It should also be noted that in some alternative implementations, the functions/acts noted may occur out of the order noted in the figures. For example, two figures shown in succession may in fact be executed substantially concurrently or may sometimes be executed in the reverse order, depending upon the functionality/acts involved.


Unless otherwise defined, all terms (including technical and scientific terms) used herein have the same meaning as commonly understood by one of ordinary skill in the art to which example embodiments belong. It will be further understood that terms, e.g., those defined in commonly used dictionaries, should be interpreted as having a meaning that is consistent with their meaning in the context of the relevant art and will not be interpreted in an idealized or overly formal sense unless expressly so defined herein.


It is noted that some example embodiments may be described with reference to acts and symbolic representations of operations (e.g., in the form of flow charts, flow diagrams, data flow diagrams, structure diagrams, block diagrams, etc.) that may be implemented in conjunction with units and/or devices discussed above. Although discussed in a particularly manner, a function or operation specified in a specific block may be performed differently from the flow specified in a flowchart, flow diagram, etc. For example, functions or operations illustrated as being performed serially in two consecutive blocks may actually be performed simultaneously, or in some cases be performed in reverse order. Although the flowcharts describe the operations as sequential processes, many of the operations may be performed in parallel, concurrently or simultaneously. In addition, the order of operations may be re-arranged. The processes may be terminated when their operations are completed, but may also have additional steps not included in the figure. The processes may correspond to methods, functions, procedures, subroutines, subprograms, etc.

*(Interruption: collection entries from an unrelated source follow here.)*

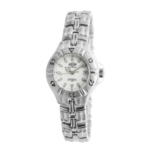 Relógio Magnum Feminino Ref: Ms38056q Vintage Prateado DESCRIÇÃO DO PRODUTO: Caixa de Aço Inoxidável Pulseira de Aço Inoxidável Fundo Rosqueado Vidro: Cristal Mineral Resistência à água: 10 Atm Diâmetro / Largura da Caixa: 28.00 MM Funções: Analógico, Calendário Alimentação do Maquinário: Bateria Mostrador Branco Estilo Vintage 2 Anos de Marca: Não Informado Ean: 7891511011790
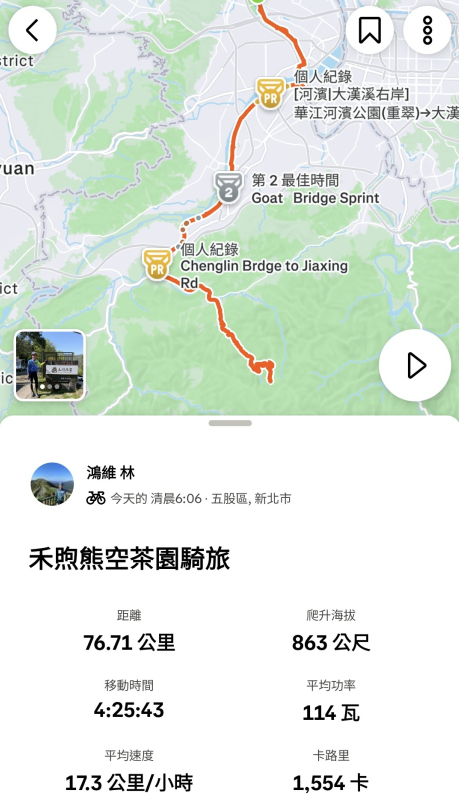 今天是校友單車社三月的約騎活動,目的地是位於三峽山區、海拔約700公尺的禾煦熊空茶園。清晨六點多天剛微亮,我便從蘆洲家裡出發,帶著期待的心情騎往集合地點。清晨的街道還帶著一點睡意,空氣微涼而清新,讓人精神特別好。6點50分抵達新月橋(板橋端),和學弟及同學們會合。大家互相寒暄、拍完團照後,7點整準時出發。
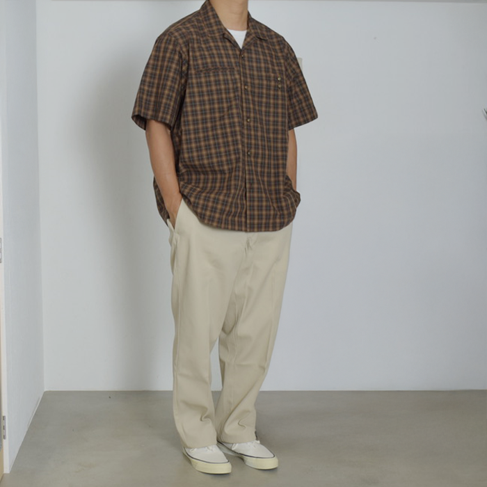 シルエットは腰回りや腿、膝周辺まで程よくゆとりがあり、緩やかなテーパードを入れることにより太すぎない印象を持たせております。
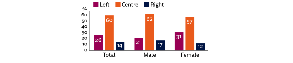 36 ‘All able to answer if left/centre/right’ results are as follows: centre 60%, left 26%, and right 14%.
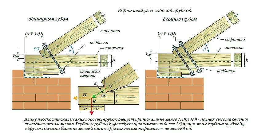 Варианты врубки стропил в балку
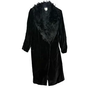 Oasis long black velvet coat faux fur collar British pockets button front US 6

Specific structural and functional details disclosed herein are merely representative for purposes of describing example embodiments. The present invention may, however, be embodied in many alternate forms and should not be construed as limited to only the embodiments set forth herein.

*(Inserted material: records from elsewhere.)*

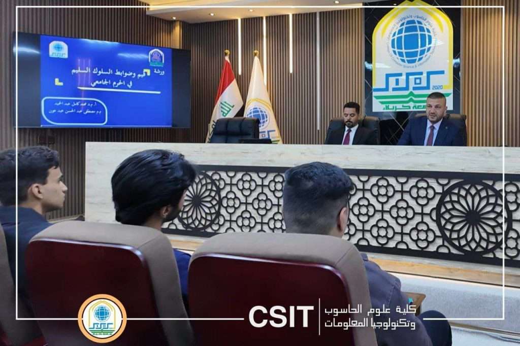 The Psychological Counseling and Guidance Unit at the College of Computer Science and Information Technology organized a workshop titled “Values and Guidelines of Proper Conduct on Campus.” The workshop was presented by the Administrative Assistant, Dr. Muhannad Kamil Abdul-Hamid, and Assistant Lecturer Mustafa Abdul-Hassan Abdul-Awn.
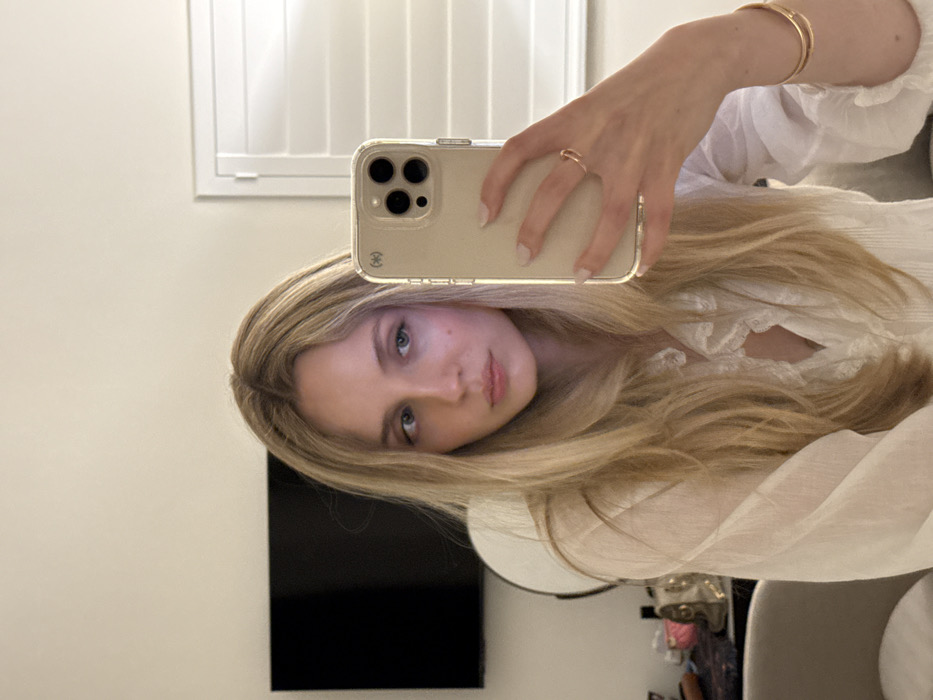 An image depicts a young adult female positioned centrally, capturing a mirror selfie indoors
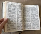 Explore the timeless wisdom of the Holy Bible in this reference edition. This King James Version is perfect for study and reflection. Published in 1976 by Thomas Nelson Publishers, this leather-bound edition is in giant print for easy reading. It contains the complete Old and New Testaments, along with valuable study helps. Binding is firm, and pages are well-preserved despite heavy markings and light staining. The cover shows gentle signs of age, but overall, it remains a valuable addition to any collection. Only one in stock. Once it’s gone, it’s gone. Ships fast, packed with care. Click “Buy Now” to make it yours. ---- ✨ Details ✨ Publisher: Thomas Nelson Publishers Year: 1976 Format: Hardcover Length: 1849 pages Size: 10"x7"x2" ✨ Condition ✨ Fair. Heavy markings, light staining, and gentle cover wear. Negligible yellowing. See pictures. ✨ Disclaimer ✨ This book is sold AS IS. There are no refunds. Please review the images carefully to ensure you know what you're buying.
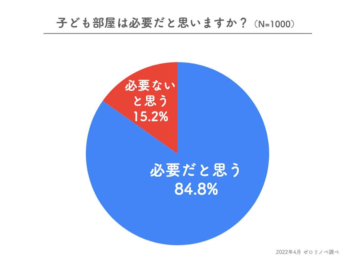 - 子ども部屋が「必要だと思う」と答えたのは84.8%。
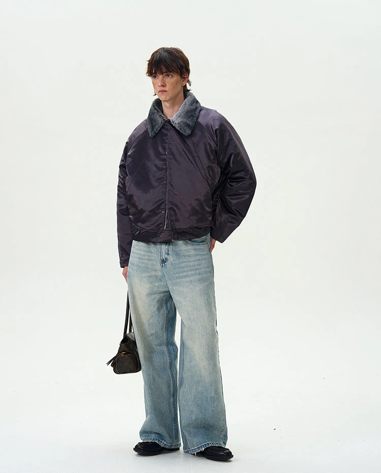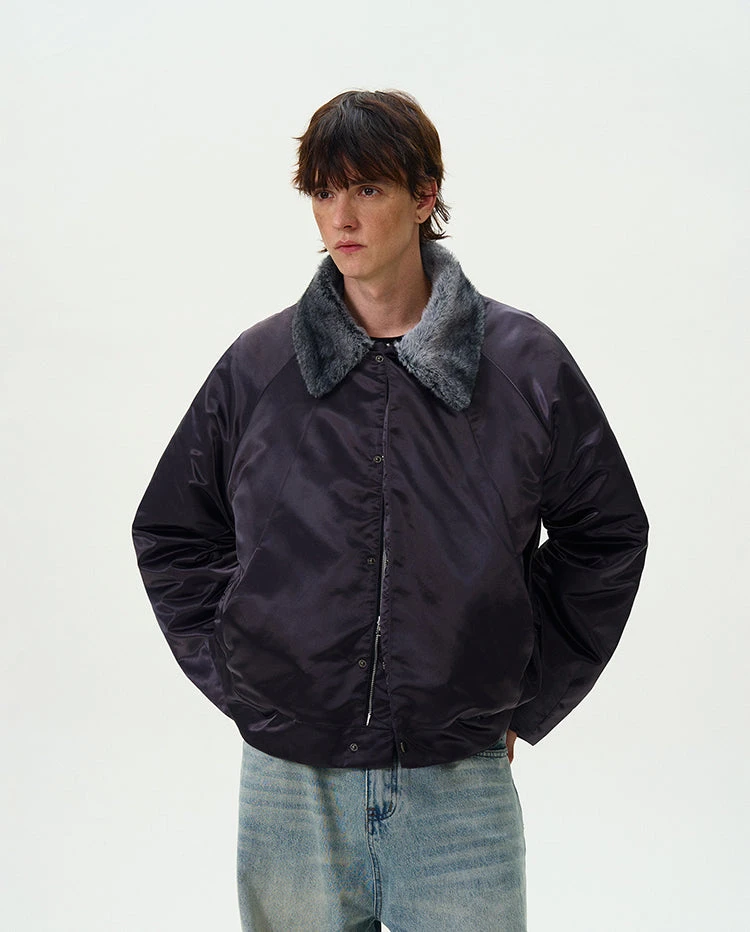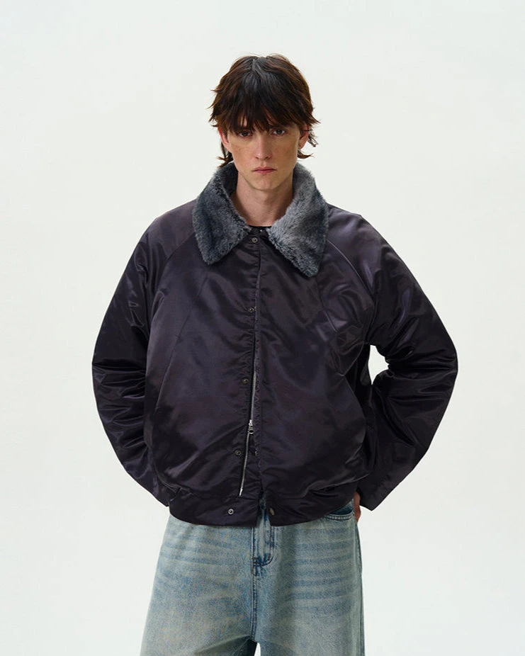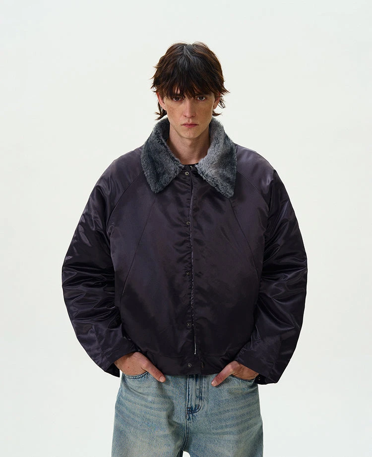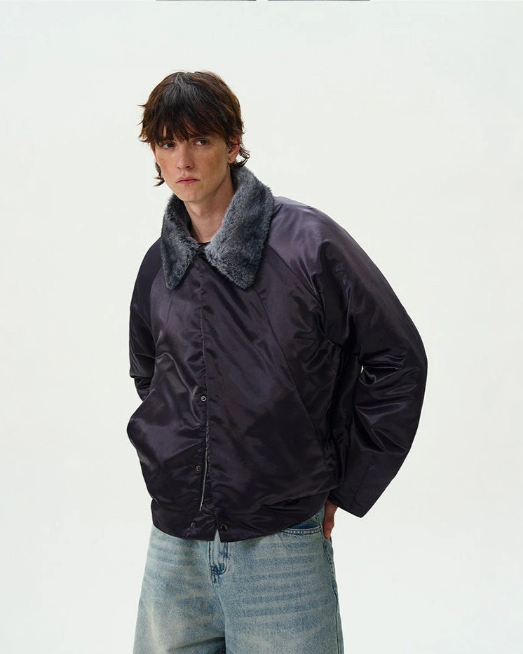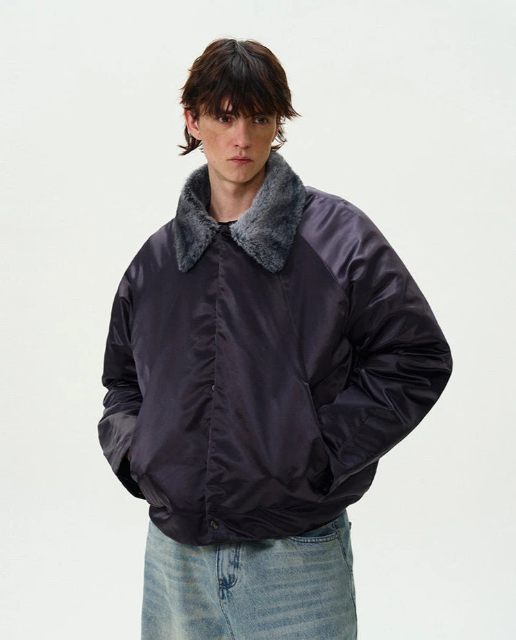 Designed for those who appreciate effortless style, it balances edge and comfort in a way that feels natural and easy to wear. The smooth, slightly reflective shell adds a modern touch, while the plush faux fur collar brings warmth and texture. The snap button closure and relaxed fit make layering simple, lending itself to both casual and refined looks.
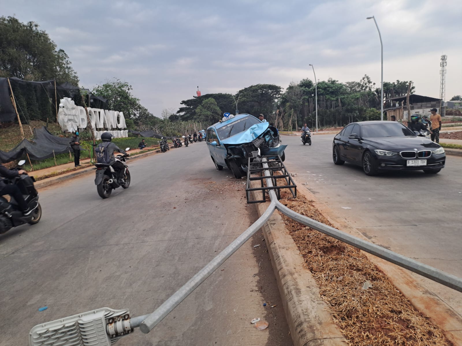 “Akibatnya taksi hilang kendali lalu menyeruduk separator jalan dan tiang lampu,” uajr Heriyadi dalam keterangannya.
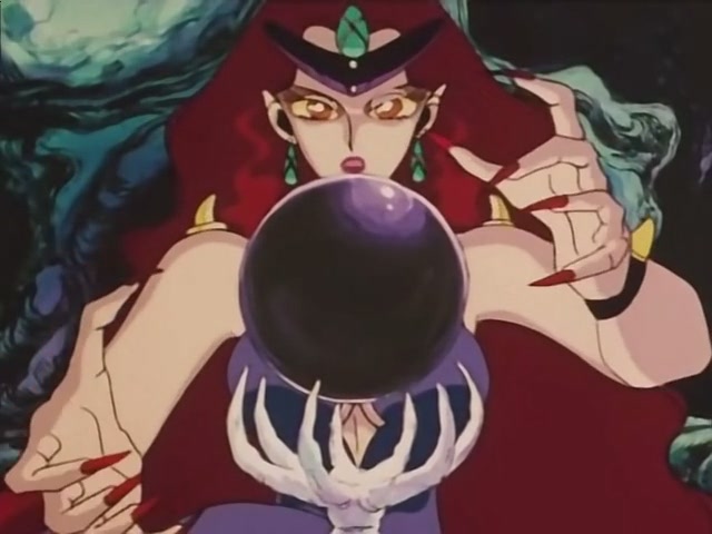 Мы впервые видим Тёмное Королевство и сидящую на троне Королеву Берилл с её магическим шаром. В какой-то момент этот шар таинственным образом исчезает на 3 или 4 кадра. Видимо, это сорт "зловещего" спецэффекта.
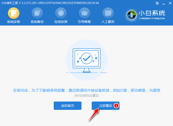 5、进入pe系统后我们等待小白装机工具来帮助我们安装即可,等待出现安装完成界面我们拔出u盘,点击立即重启。

In addition, or alternative, to that discussed above, units and/or devices according to one or more example embodiments may be implemented using hardware, software, and/or a combination thereof. For example, hardware devices may be implemented using processing circuitry such as, but not limited to, a processor, Central Processing Unit (CPU), a controller, an arithmetic logic unit (ALU), a digital signal processor, a microcomputer, a field programmable gate array (FPGA), a System-on-Chip (SoC), a programmable logic unit, a microprocessor, or any other device capable of responding to and executing instructions in a defined manner. Portions of the example embodiments and corresponding detailed description may be presented in terms of software, or algorithms and symbolic representations of operation on data bits within a computer memory. These descriptions and representations are the ones by which those of ordinary skill in the art effectively convey the substance of their work to others of ordinary skill in the art. An algorithm, as the term is used here, and as it is used generally, is conceived to be a self-consistent sequence of steps leading to a desired result. The steps are those requiring physical manipulations of physical quantities. Usually, though not necessarily, these quantities take the form of optical, electrical, or magnetic signals capable of being stored, transferred, combined, compared, and otherwise manipulated. It has proven convenient at times, principally for reasons of common usage, to refer to these signals as bits, values, elements, symbols, characters, terms, numbers, or the like.


It should be borne in mind that all of these and similar terms are to be associated with the appropriate physical quantities and are merely convenient labels applied to these quantities. Unless specifically stated otherwise, or as is apparent from the discussion, terms such as “processing” or “computing” or “calculating” or “determining” of “displaying” or the like, refer to the action and processes of a computer system, or similar electronic computing device/hardware, that manipulates and transforms data represented as physical, electronic quantities within the computer system's registers and memories into other data similarly represented as physical quantities within the computer system memories or registers or other such information storage, transmission or display devices.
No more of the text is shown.